The Czech National bank raised the policy rate by 75bps to 4.50%. The move was expected by most analysts, but there was an outside risk of 100bps, as some expected frontloading tightening which would allow the CNB to stop the cycle sooner. Inflation strongly outpaced the 2% (+/- 1%) target, printing at 6.6% in December. Central bank members indicated risks for inflation to move near 10% in the first months of 2022. Governor Rusnok holds a press conference later today and the CNB will update and comment quarterly economic forecasts tomorrow. The koruna touched the strongest level against the euro in more than 10 years near EUR/CZK 24.10 before the decision, but currently again trades in the 24.20 area.

Graphs & Table

European 2y swap yield turns positive after ECB hints at change in monetary policy stance at March meeting.

EUR/USD: euro unleashed on first tangible signal of policy normalisation.

EUR/GBP: shock effect of BoE’s almost-50-bps-hike faded quickly with euro strength taking the lead post-ECB.

EUR/CZK: Czech crown tested 10-year high before paring some gains after consensus-like 75 bps rate hike.

Note: All times and dates are CET. More reports are available at which you may sign up to.

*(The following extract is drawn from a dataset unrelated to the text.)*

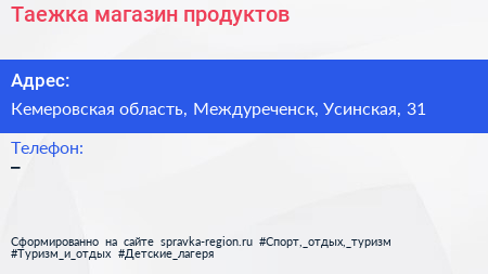 Таежка, магазин продуктов по адресу Кемеровская область, Междуреченск, Усинская, 31 в дальнейшем Организация, размещена в следующих категориях: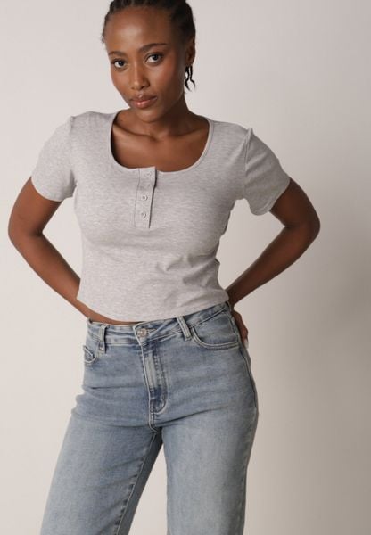Szary Prążkowany Top Bawełniany z Guzikami przy Dekolcie Nedera

This document has been prepared by the KBC Economics Markets desk and has not been produced by the Research department. The desk consists of Mathias Van der Jeugt, Peter Wuyts and Mathias Janssens, analists at KBC Bank N.V., which is regulated by the Financial Services and Markets Authority (FSMA).
These market recommendations are the result of qualitative analysis, incorporating room for past experiences and personal assessments. The views are based on current market circumstances and can change any moment. The most prominent input comes from publicly available data, financial news, economic and monetary policies and commonly used technical analysis.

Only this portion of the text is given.